Potential for maintainence challenges
Because Braun et al.’s algorithm goes straight from the AST to SSA form, the compiler’s front-end may become more complex. Specifically, any modularity afforded by first converting a language-dependent AST into a CFG is lost. While this may be fine for compilers targeting a single language, compiler frameworks, like LLVM, implement front-ends for multiple languages. It may become burdensome for front-end developers to always have to implement Braun et al.’s algorithm. Some developers may prefer to transform the AST into a different IR, like a non-SSA CFG, and a framework that separates these concerns seems simpler to maintain.
Loss of data structures which may be useful for other passes
Since Braun et al.’s algorithm does not rely on the dominance frontier or dominator tree, these data structures would not be created at SSA construction time. If later analyses or optimizations that use these data structures are performed, much of the speedup from Braun et al.’s algorithm may be lost to subsequent passes. For example, the “dominates” relation is used to determine whether it is safe to perform loop-invariant code motion and the dominator tree is used for contification, which can expose function inlining opportunities.

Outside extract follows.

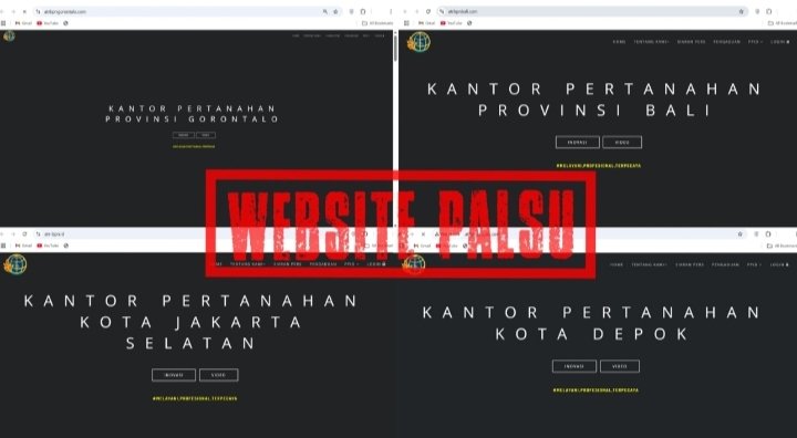 Menurutnya, telah ditemukan sejumlah situs palsu yang meniru tampilan portal resmi milik Satker ATR/BPN. Situs tersebut menduplikasi konten dan desain laman resmi, sehingga berpotensi menyesatkan masyarakat.

Compile-time speedups? - Probably
It certainly seems reasonable that a front-end based on Braun et al.’s algorithm could significantly speed up end-to-end compilation. However, Braun et al.’s implementation in LLVM 3.1 only executed 0.28% fewer instructions when compiling all programs in the SPEC CINT2000 suite. It is worth noting that their implementation was not as highly tuned as the baseline LLVM implementation they compared against. It is also worth noting that some compilers and tools have begun adopting Braun et al.’s algorithm for SSA conversion, lending credence to the author’s claim that direct AST-to-SSA conversion could provide non-negligible speedups.
Historical Context
SSA form and the first efficient conversion algorithm emerged in the 1980’s, whereas the simple and efficient algorithm discussed in class was published in 2013. One question discussed in class was why Cytron et al.’s implementation has been the de facto SSA conversion scheme, used in the LLVM IR and other languages’ compiler toolchains (e.g., Rust). Its ~25 year head start is one likely reason. A few projects have adopted Braun et al.’s algorithm for SSA construction, suggesting that the algorithm may be gaining traction in the compiler community. For example, a SPIR-V-Tools pass converts SPIR-V functions directly into SSA form using Braun et al.’s algorithm. The Memory SSA analysis, which builds an SSA-like representation for LLVM memory operations, also uses the marker algorithm presented by Braun et al. Also, the MIR project, which focuses on building JIT compilers currently uses Braun et al.’s algorithm for SSA construction.
Perhaps in spring of 2049, CS6120 students will be debating whether a new SSA construction algorithm will replace the marker algorithm in their favorite JIT compilers.